- Opening Delimiter -

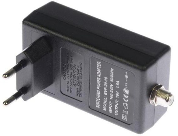 - Krótki opis: Zasilacz 18V 1.6 A , do multiswitchy marki Blue Line i innych , końcówka typu F. Do starszych typów należy zakupić adapter gn.F -> wtyk RCA.
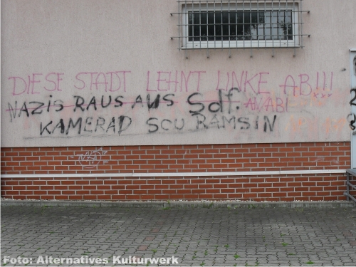 Bei den auf einer Hauswand platzierten Schmierereien wähnten sich die Urheber der Sachbeschädigung offenbar als Sprachrohr der Stadt und meinten u.a. konstatieren zu können: „Diese Stadt lehnt Linke ab!“ Im Rahmen dieser Propagandadelikte war außerdem eine „Kampfansage“ an das regionale Alternative Zentrum festzustellen. So drohten der oder die Urheber mit „AKW der Kampf beginnt“ dem „Alternativen Kulturwerk“ (AKW) im nahegelegenen Bitterfeld-Wolfen (OT Bitterfeld), das in der Region für seine Positionierung gegen Rechts bekannt ist. Der Trägerverein des AKW, das Multikulturelle Centrum e.V., besteht bereits seit 1997 und unterhält ein selbstverwaltetes Vereinsgelände am Bitterfelder Bahnhof. Auch an diesem Gelände haben rechte Straftäter in der Vergangenheit bereits neonazistische Propagandadelikte verübt (mehr dazu hier...).
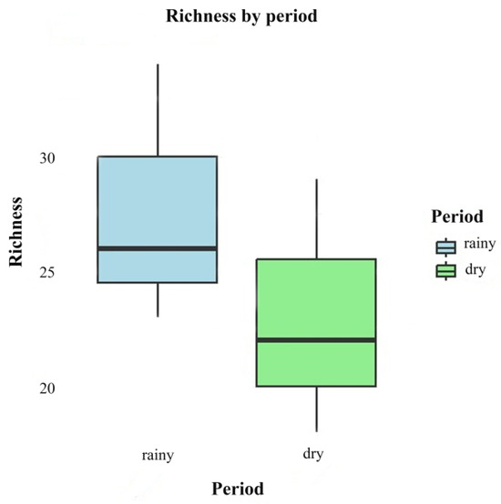 There was no significant difference between the rainy season (June 2022 and 2023) and dry season (November 2022 and 2023) in relation to species richness (F = 1.032; p = 0.367). Although the means indicate that wealth is higher in the rainy season (mean = 27.7, standard deviation (SD) = 5.69) compared to the dry season (mean = 23.0, standard deviation (SD) = 5.57), the ANOVA indicated that this difference is not statistically significant (Figure 6).
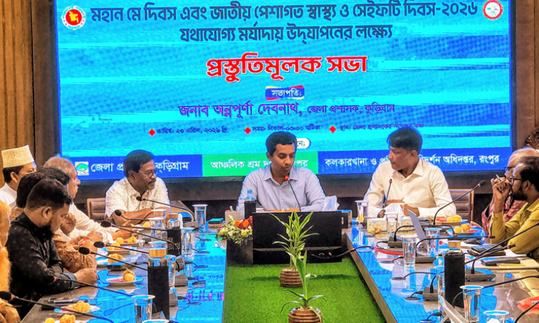 মহান মে দিবস এবং জাতীয় পেশাগত স্বাস্থ্য ও সেফটি দিবস যথাযোগ্য মর্যাদায় উদযাপনের লক্ষ্যে কুড়িগ্রামে আজ এক প্রস্তুতিমূলক সভা অনুষ্ঠিত হয়েছে।
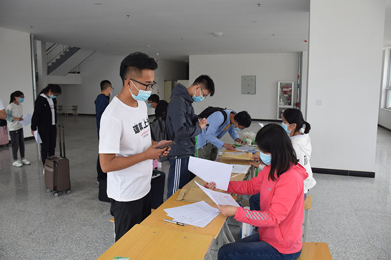在報到點,由班主任及報道組成員查驗學生的健康碼、疫情防控行程證明、疫情防控行程卡等內容,詳細核查學生乘坐的長途汽車及火車等公共交通工具車號及相關憑證,并將所有票據留存。在查驗合格后為學生辦理通行證,完成報到程序,學生方可憑通行證入住宿舍。

- Closing Delimiter -

> Try it
Here the job is to output the lines from the top of the listing through the line holding "Bei den auf", word for word and without pictures.

> The answer
 - Krótki opis: Zasilacz 18V 1.6 A , do multiswitchy marki Blue Line i innych , końcówka typu F. Do starszych typów należy zakupić adapter gn.F -> wtyk RCA.
 Bei den auf einer Hauswand platzierten Schmierereien wähnten sich die Urheber der Sachbeschädigung offenbar als Sprachrohr der Stadt und meinten u.a. konstatieren zu können: „Diese Stadt lehnt Linke ab!“ Im Rahmen dieser Propagandadelikte war außerdem eine „Kampfansage“ an das regionale Alternative Zentrum festzustellen. So drohten der oder die Urheber mit „AKW der Kampf beginnt“ dem „Alternativen Kulturwerk“ (AKW) im nahegelegenen Bitterfeld-Wolfen (OT Bitterfeld), das in der Region für seine Positionierung gegen Rechts bekannt ist. Der Trägerverein des AKW, das Multikulturelle Centrum e.V., besteht bereits seit 1997 und unterhält ein selbstverwaltetes Vereinsgelände am Bitterfelder Bahnhof. Auch an diesem Gelände haben rechte Straftäter in der Vergangenheit bereits neonazistische Propagandadelikte verübt (mehr dazu hier...).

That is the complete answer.